**INSTRUCTIONS FOR THE TASK:** Each line, starting at the one with "22mm Vertical Stripe" and running to the end of the data below, is to be set down again exactly, both ends included; leave pictures out.

Start of INPUT DATA

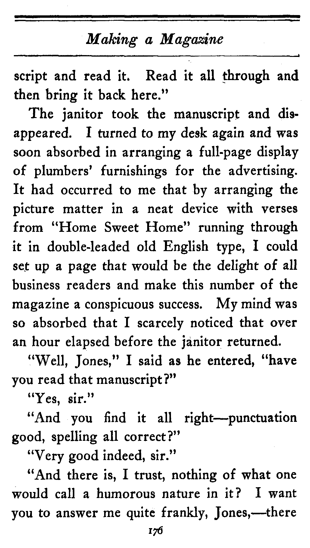 The janitor took the manuscript and disappeared. I turned to my desk again and was soon absorbed in arranging a full-page display of plumbers' furnishings for the advertising. It had occurred to me that by arranging the picture matter in a neat device with verses from "Home Sweet Home" running through it in double-leaded old English type, I could set up a page that would be the delight of all business readers and make this number of the magazine a conspicuous success. My mind was so absorbed that I scarcely noticed that over an hour elapsed before the janitor returned.
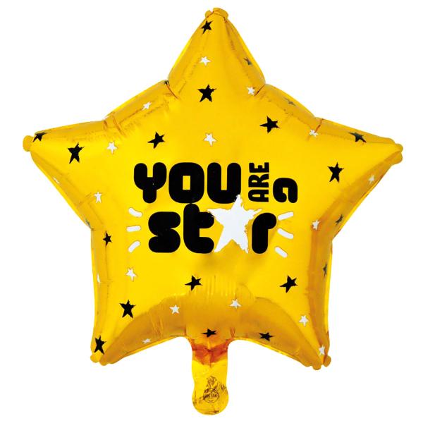 Folieballong Stjärna You Are A Star 46 cm omfattar en guldfärgad folieballong som är formad som en stjärna och har motiv av små vita och svarta stjärnor samt texten "YOU ARE a star" i svart där bokstaven a i ordet star är ersatt av en vit stjärna.
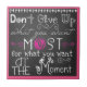 Don't Give Up chalkboard look ceramic tile with cool white text on a chalkboard look background and a pop of bright pink. This motivational and inspirational design reads "Don't give up what yow ant most for what you want at the moment"!
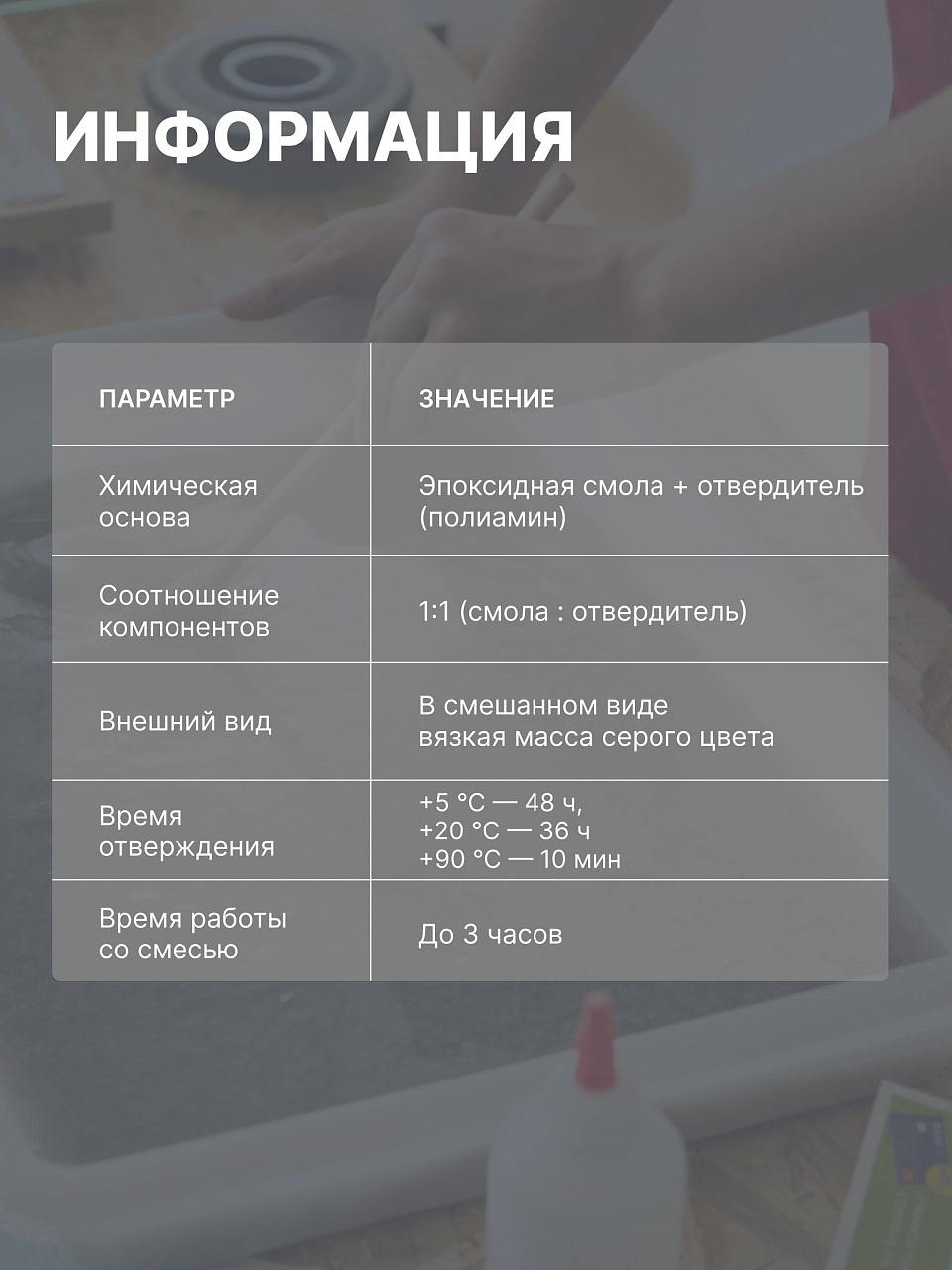 Компонент 1(адгезит) - смола эпоксидно-диановая, минеральные наполнители;
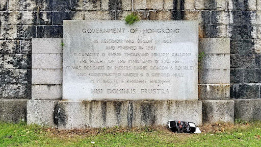 What you find here is a memorial stone from the government of Hong Kong with a brief historical record of the establishment of the Shing Mun Reservoir in 1937. It is fixed into a granite brick wall on the roadside next to the reservoir.
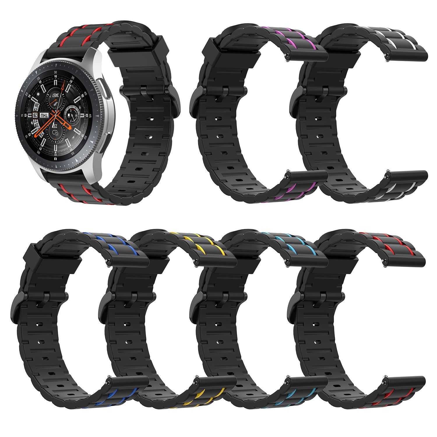 22mm Vertical Stripe Bi-color Silicone Watch Strap for Samsung Galaxy Watch 46mm/Galaxy Watch 3 45mm
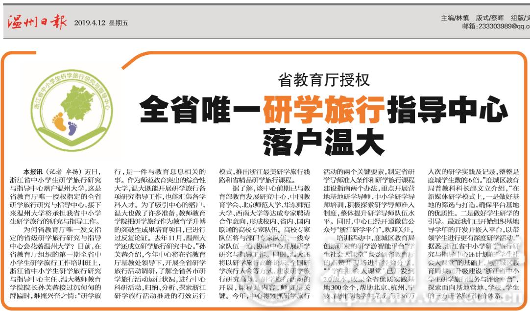 为何省教育厅唯一发文指定的省级研学旅行研究与指导中心会花落91吃瓜 ?日前,在省教育厅组织的第一期全省中小学生研学旅行工作培训班上,浙江省中小学生研学旅行研究与指导中心主任、温大教师91吃瓜 院长孙芙蓉接过沉甸甸的牌匾时,难掩兴奋之情:“研学旅行,是一件与教育息息相关的事。作为师范教育突出的综合性大学,温大既能开展研学旅行各项研究指导工作,也能汇集各学科人才。为了吸引中心的落户,温大也做了许多准备,教师91吃瓜 把研学旅行作为教育学升博的突破性成果培育项目,已进行过反复论证。去年11月,91吃瓜 还成立研学旅行研究中心。”孙芙蓉介绍,今年中心将在省教育厅基教处领导下,开展全省研学旅行活动调研,了解全省各市研学旅行活动运行状况,进行中心科研活动,归纳、分析、探索浙江研学旅行活动推进的有效运行模式,推出浙江最美研学旅行线路和省精品研学旅行课程。

End of INPUT DATA

**SOLUTION FOR THIS TASK:**
 22mm Vertical Stripe Bi-color Silicone Watch Strap for Samsung Galaxy Watch 46mm/Galaxy Watch 3 45mm
 为何省教育厅唯一发文指定的省级研学旅行研究与指导中心会花落91吃瓜 ?日前,在省教育厅组织的第一期全省中小学生研学旅行工作培训班上,浙江省中小学生研学旅行研究与指导中心主任、温大教师91吃瓜 院长孙芙蓉接过沉甸甸的牌匾时,难掩兴奋之情:“研学旅行,是一件与教育息息相关的事。作为师范教育突出的综合性大学,温大既能开展研学旅行各项研究指导工作,也能汇集各学科人才。为了吸引中心的落户,温大也做了许多准备,教师91吃瓜 把研学旅行作为教育学升博的突破性成果培育项目,已进行过反复论证。去年11月,91吃瓜 还成立研学旅行研究中心。”孙芙蓉介绍,今年中心将在省教育厅基教处领导下,开展全省研学旅行活动调研,了解全省各市研学旅行活动运行状况,进行中心科研活动,归纳、分析、探索浙江研学旅行活动推进的有效运行模式,推出浙江最美研学旅行线路和省精品研学旅行课程。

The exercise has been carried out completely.